NO 3 Party candidates
Please make sure you read the following details carefully before making any applications.
Candidates must be direct
DO NOT RESPOND UNLESS YOU ARE DIRECT
Key Responsibilities:
High-Throughput RAG Pipeline Development:
• Design and build scalable document processing pipelines to ingest and semantically chunk large batches of documents (PDF/DOCX) from sources like Azure Blob and AWS S3.
• Integrate embedding models and tune vector databases like Milvus for high-performance, sub-100 ms k-NN retrieval.
• Implement hybrid retrieval systems using BM25 and vector search, and continually track and improve retrieval performance using metrics like MRR and recall@k.

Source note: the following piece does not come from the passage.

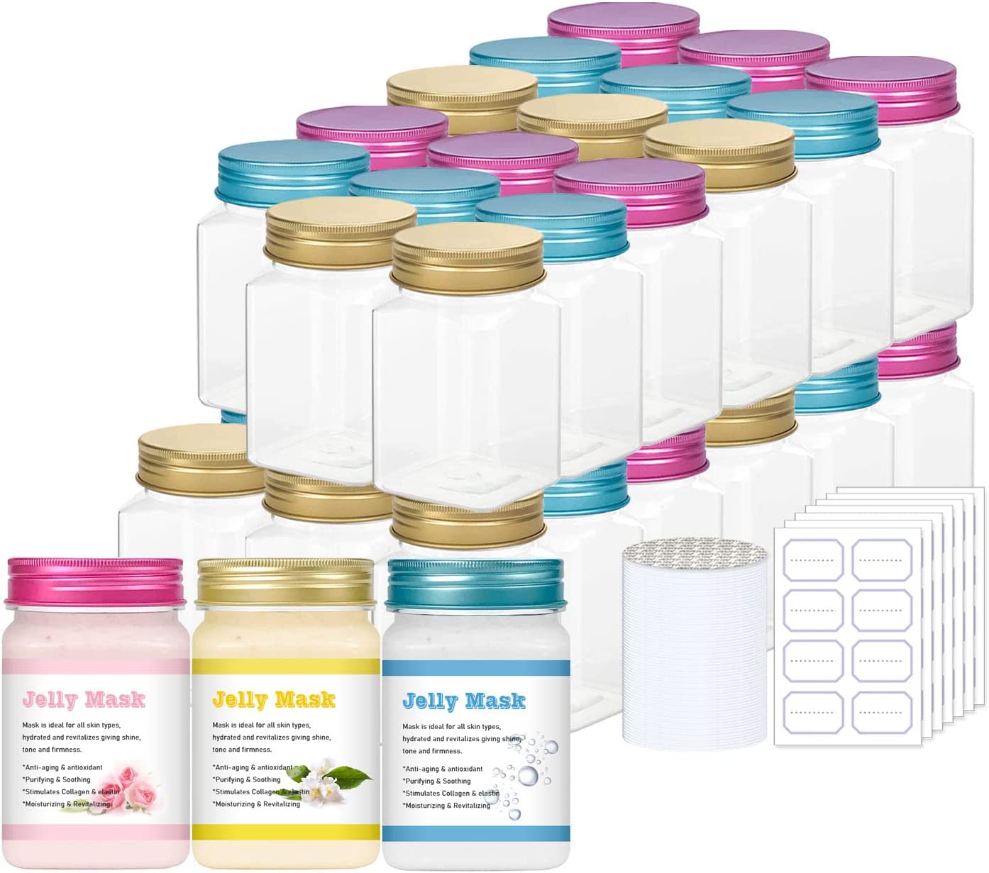 35 pack 12 oz Clear plastic square jars with seal liners,metal lids and waterproof labels.(Gold & Rosegold & Sky blue)
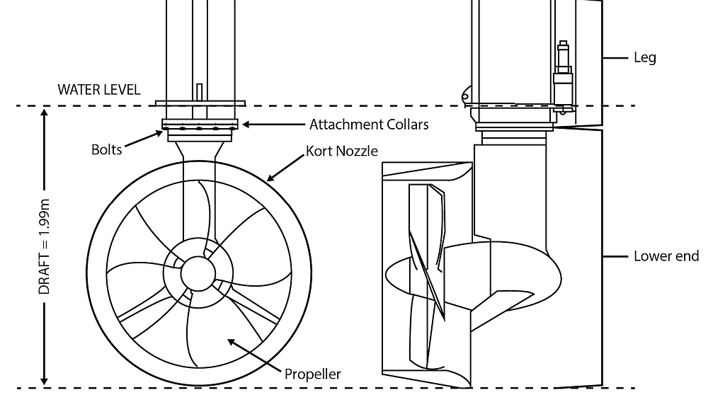 Each Z-drive thruster unit is made up of a horizontal shaft, a vertical leg, and a lower end. The lower end of the vessel’s Z-drive thruster unit includes the propeller, kort nozzle, and an attachment collar. It is secured to the leg’s attachment collar by 14 bolts (Figure 4). When the Z-drive thruster unit on the Deer Island end of the vessel made contact with the bottom, these securing bolts were sheared off when the lower end detached from the leg. The attachment collar on the leg was also pushed up and deformed. When the Z-drive thruster unit on the Letete end of the vessel made contact with the bottom, those securing bolts were also sheared off when the lower end detached from the leg. The lower ends of both Z-drive thruster units were later recovered by divers. There was superficial damage to the paint coating on the lower end units and there was no damage to the vessel’s hull.

Model Fine-Tuning & Prompt Engineering:
• Apply large language models (LLMs) and NLP techniques to solve complex problems such as named-entity recognition, question answering, and summarization.
• Build fine-tuning pipelines using frameworks like LoRA/PEFT and run hyperparameter sweeps in Azure ML.
• Author multi-step prompt chains, enforce structured JSON outputs, and use validation guards to reduce hallucinations and improve model consistency.
MLOps & Production Deployment:
• Develop and containerize agent-based microservices using frameworks like FastAPI or Azure Functions.
• Define Infrastructure as Code using Terraform/ARM and build CI/CD workflows in GitHub Actions for automated testing and canary rollouts.
• Implement robust monitoring and alerting for latency (p50/p95) and error rates using tools like Prometheus, Grafana, or Azure Monitor to ensure SLA compliance.
Performance, Cost & Standards:
• Profile API calls and implement cost-reduction strategies like batching, caching, and early-stop logits.
• Produce high-quality documentation, including architecture diagrams, sequence flows, and data schemas.
• Enforce security and compliance standards, including data encryption and PII redaction, to align with HIPAA/GxP requirements.
Required Qualifications:
• BS/MS in Computer Science, AI/ML, or a related field.
• 3+ years of experience building end-to-end LLM/RAG systems in a production environment.
• Deep Python experience, including libraries like FastAPI, pandas, and NumPy.
• Hands-on experience with LLM orchestration frameworks (LangChain, LlamaIndex), NLP libraries (HuggingFace), and OpenAI/Azure SDKs.
• Proven expertise in MLOps including CI/CD (GitHub Actions/Azure DevOps) and containerization (Docker/Kubernetes).
Preferred Qualifications (Nice-to-Haves):
• Experience working in a regulated industry such as pharmaceuticals or life sciences.
• Hands-on experience with vector databases like Milvus or Pinecone.
• Familiarity with chatbot frameworks like Rasa or Botpress.
• Experience with data-centric AI tools for validation and monitoring, such as Great Expectations or Deepchecks.